───── SUPPLIED INFORMATION ─────

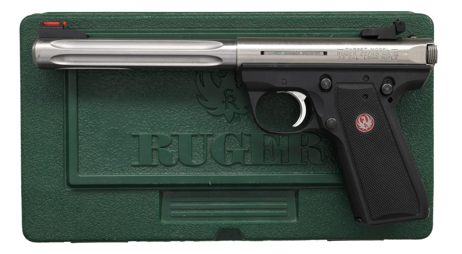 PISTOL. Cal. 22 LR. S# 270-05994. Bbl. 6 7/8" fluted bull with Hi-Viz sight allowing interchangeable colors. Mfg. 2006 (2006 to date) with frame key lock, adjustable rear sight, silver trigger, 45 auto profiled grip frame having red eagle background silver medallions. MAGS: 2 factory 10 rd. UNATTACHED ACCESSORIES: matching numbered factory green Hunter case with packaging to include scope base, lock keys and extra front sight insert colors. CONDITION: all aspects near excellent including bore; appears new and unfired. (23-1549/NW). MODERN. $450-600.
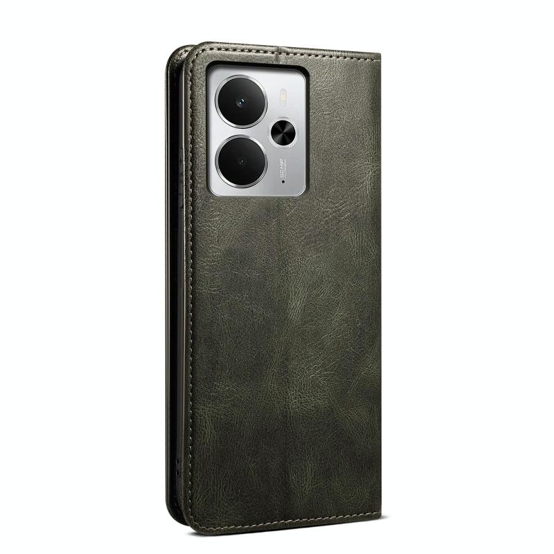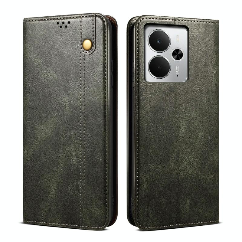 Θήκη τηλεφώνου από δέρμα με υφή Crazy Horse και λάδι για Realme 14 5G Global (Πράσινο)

─────
───── SUPPLIED INFORMATION ─────

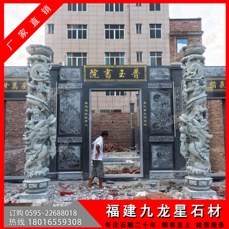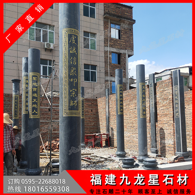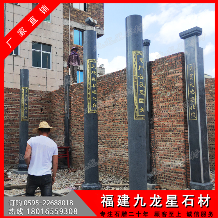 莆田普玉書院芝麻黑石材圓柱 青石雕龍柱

─────

Retype only the lines above from the one with "PISTOL. Cal. 22" through the one with "Θήκη τηλεφώνου από", exactly and with both ends. Images stay out.

 PISTOL. Cal. 22 LR. S# 270-05994. Bbl. 6 7/8" fluted bull with Hi-Viz sight allowing interchangeable colors. Mfg. 2006 (2006 to date) with frame key lock, adjustable rear sight, silver trigger, 45 auto profiled grip frame having red eagle background silver medallions. MAGS: 2 factory 10 rd. UNATTACHED ACCESSORIES: matching numbered factory green Hunter case with packaging to include scope base, lock keys and extra front sight insert colors. CONDITION: all aspects near excellent including bore; appears new and unfired. (23-1549/NW). MODERN. $450-600.
 Θήκη τηλεφώνου από δέρμα με υφή Crazy Horse και λάδι για Realme 14 5G Global (Πράσινο)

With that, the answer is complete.